Queenstown was founded in 1853 and named in honour of Queen Victoria.

A condition of its establishment was that its inhabitants had to be responsible for its defence against the hostile tribes in the vicinity of the town. It was laid out around a hexagonal centre. From this point the defenders could direct fire down the six radiating thoroughfares.

It was not necessary to use the fort, and nowadays the hexagon, with its coloured fountain and lovely gardens, is an unusual town centre.

The town, built on the banks of the Komani River, is a busy communications, railway, farming and educational centre. It has a dry and bracing climate.
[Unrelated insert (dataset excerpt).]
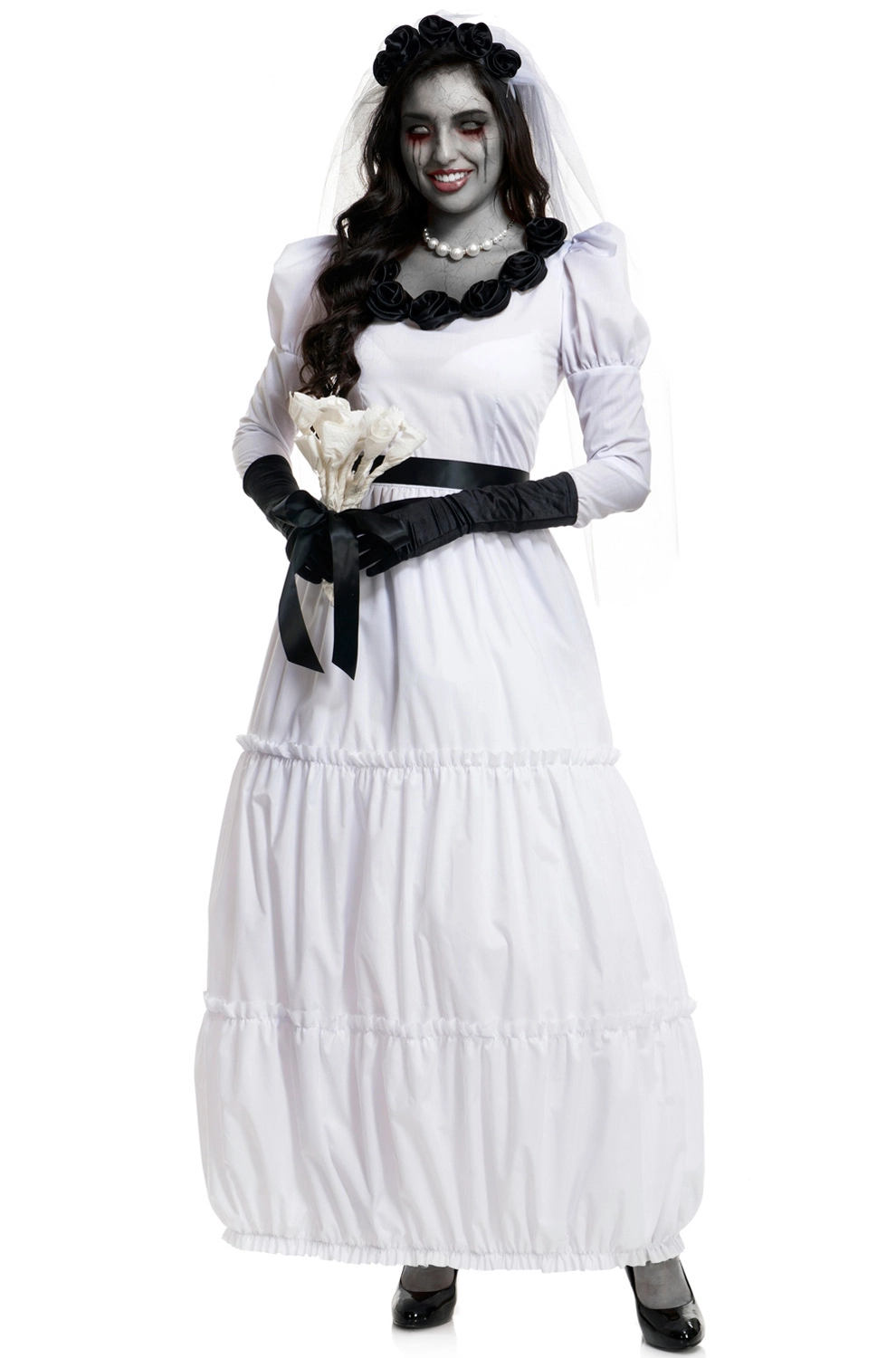 It’s the big day! No, not your wedding. Your costume party! Put a twist on the blushing bride look and show up in this Monster Bride costume for women. This dress has a beautiful Day of the Dead look that you can add onto with your own gory makeup.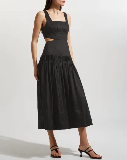 Schwarzes Midikleid aus plissiertem Leinengemisch mit Audette

The trunk road from East London enters the town through a sunken garden, named after Walter Everitt, a former park superintendent who was mainly responsible for the development of the Queenstown municipal gardens. Swans and numerous other birds frequent this garden.

A nature reserve on the slopes of Madeira Mountain has a scenic drive yielding superb views of the town and countryside. Numerous game animals have free range in this reserve and it is also noted for its aloes, cycads and various acacia species. The tamboekie thorn, Erythrina acanthocarpa is found only in this district. It grows in dense patches, giving masses of bright red and yellow flowers in October and November before the leaves are produced.

The Queenstown and Frontier Museum and Art Gallery, at the Cultural Centre in Shepstone Street, contain plants and animals.